Researches
Biomedical Electronics Group
The Digital Signal Processing and Statistical Signal Processing Laboratory focuses on signal processing theory and its technological applications in medicine. For example the vibration signal generated by the human knee joint and the temporomandibular joint disease, the application of signal processing theory, the R & D to establish the mathematical model of vibration signal technology to assist in the diagnosis of human joint disease patterns and types of clinical analysis, and to provide the doctor with correct and necessary medical information.
Magnetic Resonance Imaging (MRI) is a non-ionizing radiation, non-invasive tomographic imaging technique that has been widely used in the clinical diagnosis of neurological diseases for the musculoskeletal system, cardiovascular disease, and celiac disease diagnosis as well as having substantial benefits in other aspects as well. A major advantage of using MRI is that it allows for comparing and contrasting of different lesions providing all aspects of diagnostic information such as vivo metabolite contents, oxygen concentration distribution, nerve fiber directional integration etc…
The MRI Lab focuses mainly on technology research and development for clinical diagnosis. The current plan includes: the functional assessment of balance and stability of the nervous system through the state of magnetic resonance imaging clinical applications, high magnetic field low-power propeller-driven proliferation of image capture technology in parallel magnetic resonance imaging of dynamic contrast injection for children with congenital immobilization cardiac surgery in patients after lung perfusion, and other clinical applications.
The Magnetic Resonance Imaging Spectrum Laboratory is committed to the establishment of a research-based magnetic resonance imager hoping to eventually break the speed limits of existing MRI technology as well as enhancing the imaging capabilities of the MRI system. Main Research interests include: Brain functional MRI, diffusion MRI coil design, image optimization techniques, ultra-fast parallel capture of magnetic resonance imaging system, small animal physiology and pathology, and molecular imaging.
Research in the field of biophotonics is based on optical methods of observation and analysis of biological tissue; cellular and molecular.
The Biomedical Optical Spectroscopy and Imaging Laboratory focuses on spectroscopic analysis and development and application of optical imaging systems in order to aid biomedical research and the development of new medical diagnostic tools.
The Medical Micro-sensors and Systems Laboratory focuses on research topics including: miniaturized surface plasmon resonance optical detection technology for biomedical sensing molecules, the development of biochip technology, and optical detection devices.
The Biomedical Electronics and Bioinformatics Laboratory focuses on technology related to biochip –DNA and protein microarrays and its application to Biomedical Research. The main research topics focus on DNA microarray system processes, use of measurement systems and its improvement and development, DNA microarray imaging and data analysis methods as well as online analysis for development, and application of DNA micro-array carry out occupational health and cancer as well as other bio-medical studies.
The Medical Micro-sensors and Systems Laboratory researches the use of Biomedical sensing molecules on the surface of plasmon resonance for optical detection and the technical development of biochips and miniaturized optical detection components.。
The complexity of human behavior is based upon the cognitive function by the brain and how the nervous systems of the different sectors interact as opposed to being controlled by a single structure. To learn more about brain function, you need the structurally study the following three questions:
- Areas of Activity
- When and why these activities occur
- How to complete these cognitive behavior by large-scale neural network message passing
Modern non-invasive neuroimaging techniques such as magnetic resonance imaging (MRI), electroencephalography (EEG), and magneto encephalography can help us the data of high spatial and temporal resolution of neural activity, while the quantitative link will help to interpret the implied together in these neuroimaging data to complete sensory, cognitive and behavioral history of dynamic neural activity.

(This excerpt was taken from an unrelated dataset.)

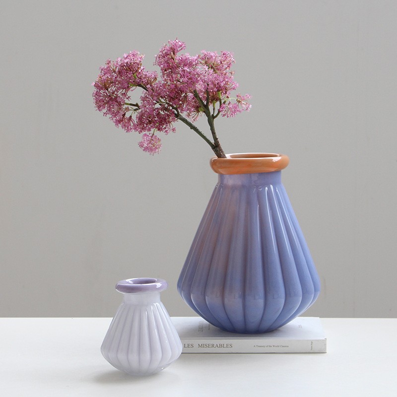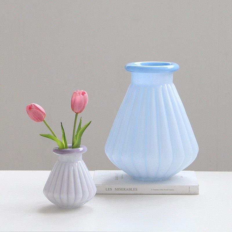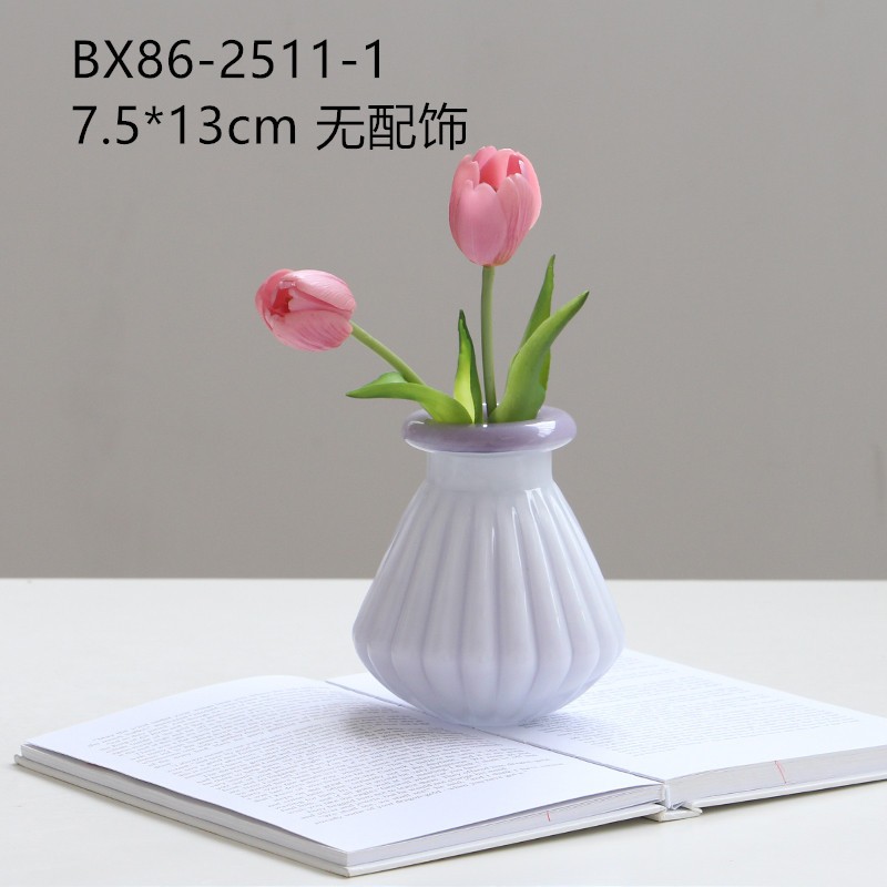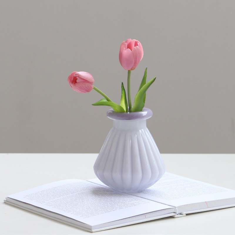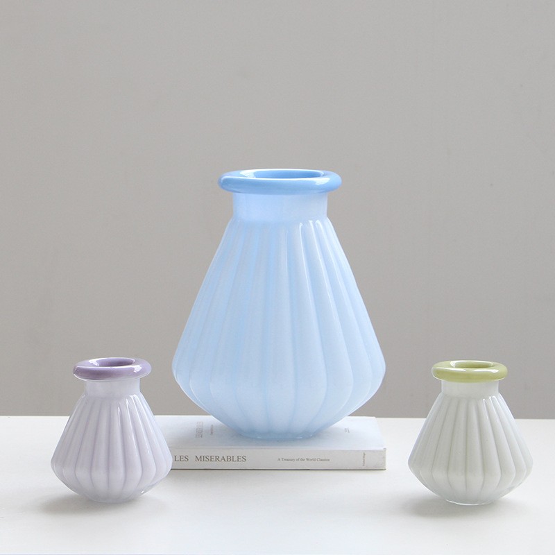 北欧风卷边小口玻璃花瓶客厅仿真花鲜花台面简约居家软装桌面花瓶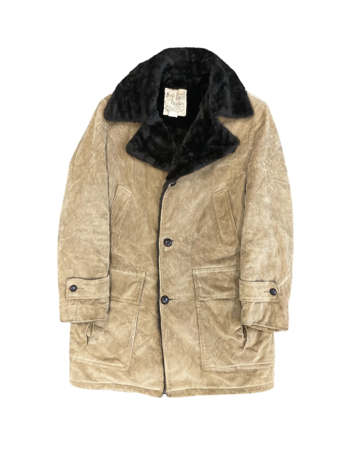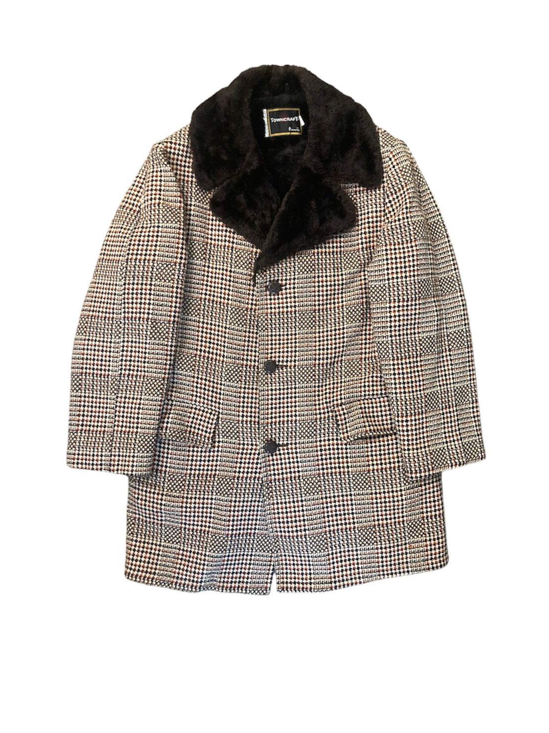 Wool coat, closes on right side – big collar, big buttons, can be slim fit / bell silouhette style (more 60’s)

The Digital Signal Processing and Statistical Signal Processing Laboratory focuses on signal processing theory and its technological applications in medicine. For example the vibration signal generated by the human knee joint and the temporomandibular joint disease, the application of signal processing theory, the R & D to establish the mathematical model of vibration signal technology to assist in the diagnosis of human joint disease patterns and types of clinical analysis, and to provide the doctor with correct and necessary medical information.
Biomedical Informatics Group
The Biomedical Informatics Group researches topics such as biomedical data analysis and mining, Computational Systems Biology, computing pharmacology and computational chemistry, as well as medical information systems. In terms of Data analysis and mining; areas of focus include biochips, information analysis, DNA and protein analysis, Gene and protein structure and function analysis, and data mining. In terms of computational pharmacology; the area focuses on basic biomedical and life sciences through the construction of simulation system models and its mathematical analysis as the basis for the analysis and simulation of cutting-edge biomedical and life sciences phenomenon. Computational chemistry focuses on the calculation of quantum chemical calculations and chemical kinetics involved in drug and vaccine development to construct a new computing models as well as designing more efficient algorithms for drug use. The Medical Information System covers a very wide dimension of research topics, including medical information applications, network systems, multimedia systems, database systems and parallel computing, distributed computing, real-time computing hardware and software design and algorithm analysis.